I made a javascript that generates a matrix of points.
The script does the computation of the colorcode of each point.
The good news is that it works.
The javascript itself is ready within one second.
However, GeoGebra needs time to process all geogebra commands.
When someone presses the actionbutton, he has to wait.
During processing, GeoGebra does not show every new point.
GeoGebra does a refresh afterwards when the whole script is ready.
So, the user has to wait and wait and wait ...
So that the user sees that his computer is progressing slowly.
People ask me about an stop button to interrupt the javascript.
Is there a possibility
- to show the build up?
- to interrupt
- to show the progress the script knows the actual progresss
- to estimate the remaining time
How can I achieve this ?
The javascript processes point after point and invokes API's for every point.
Is there a way to speed things up?
https://www.geogebra.org/m/zhjwgc4u
Yours sincerely,
Henk Hietbrink
The same question 
JavaScript is single-threaded so this isn't possible (unless you can split the task up into small chunks)
Dear Michael,
Of course, I tried a lot of things, like adding an actionbutton or a boolean, but it seems that they are suspended until the running script has finished.
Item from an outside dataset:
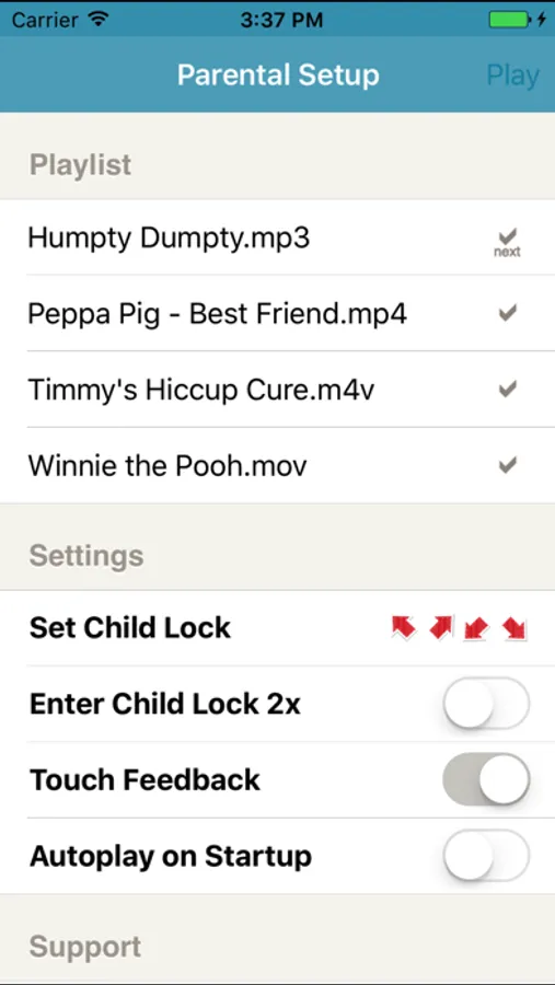 Parents can setup a playlist and configure options, including setting the child lock (a secret combination of tapping the four corners of the screen).

So, my question is which event might run parallel code?
What is your suggestion to split it into small chunks?
One of my tests was to check the status of a variable and quit the loops when set
if (ggbApplet.getValue("stop")>0) {
var num = prompt("quit",0)
s_x = limit_s + 1
s_y = limit_s + 1 }
Another question is about screen updating.
I would like that users see that the program is working
Can you use a GeoGebra slider to trigger the different actions?
Cleer idea,
Unfortunately, the code exists of three loops
One is to calculate the eclipse itself: that is one javascript array
Two is to compute the points with the absolute number of hits: that is another javascript array
In the mean while, it computes the maximum number of hits
Three is to create all the points each with its specific color, being the relative number.
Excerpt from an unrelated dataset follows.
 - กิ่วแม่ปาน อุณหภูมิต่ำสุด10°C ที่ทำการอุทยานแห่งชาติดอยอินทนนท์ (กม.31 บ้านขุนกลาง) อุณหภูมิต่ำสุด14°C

It is no good to do steps one and two for each and every point.
It seems that there is no possibility to define global arrays that remain in memory.
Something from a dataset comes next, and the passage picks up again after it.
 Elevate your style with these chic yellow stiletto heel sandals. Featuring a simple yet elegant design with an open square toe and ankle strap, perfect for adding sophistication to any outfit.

That would help to perform step three step by step
It is generally a bad idea to draw a lot of points at the same time in GGb.
It is mostly smarter to use a trace/sweep line approach and use one of the neat features of GGb.
The ability to have remaining traces on the canvas.This reduces the points/lines/objects needed and allows chunking a computation.
But in this case it might be difficult as you have greedy algorithm.
You could construct a point projection with opacity and superimpose the resulting images (sadly GGb can not create opaque traces of inequalities).
Or you could create sampling points on the source image and the aperture.
Those points can be used to interleave a construction of projected points which can be used to construct opaque elements like circles or rectangles.
But this has its limits as GGb is not a tool for those kind of tasks.
That is the reason i graduated from using GGb heavily.
You could also use a faster program/tool like a shader based approach.
Here an example which could be expanded with further interactivity.
Quote Loco: "You could construct a point projection with opacity and superimpose the resulting images (sadly GGb can not create opaque traces of inequalities)."
Same idea as Loco but with polygon instead of inequality.
Thanks for the idea.
It solves a lot of problems/I let you know.
When I publish, I would like to give credits to those who helped.
Who are you?Do you have a website?
This is me: Henk Hietbrink and this too Frans van Schooten
Thanks for your help.
I made an update to same address https://www.geogebra.org/m/zhjwgc4u
Thanks for support,
Henk Hietbrink
Two further Ideas.
If you are only interested in the outer bounds you could use signed distance fields.
To realize them you can either use a numerical approach (get the outer bounds of the (0,0) projected image and get the closest distance to that) or an analytical approach where you calculate the distance on each possible point in space to the outer bounds.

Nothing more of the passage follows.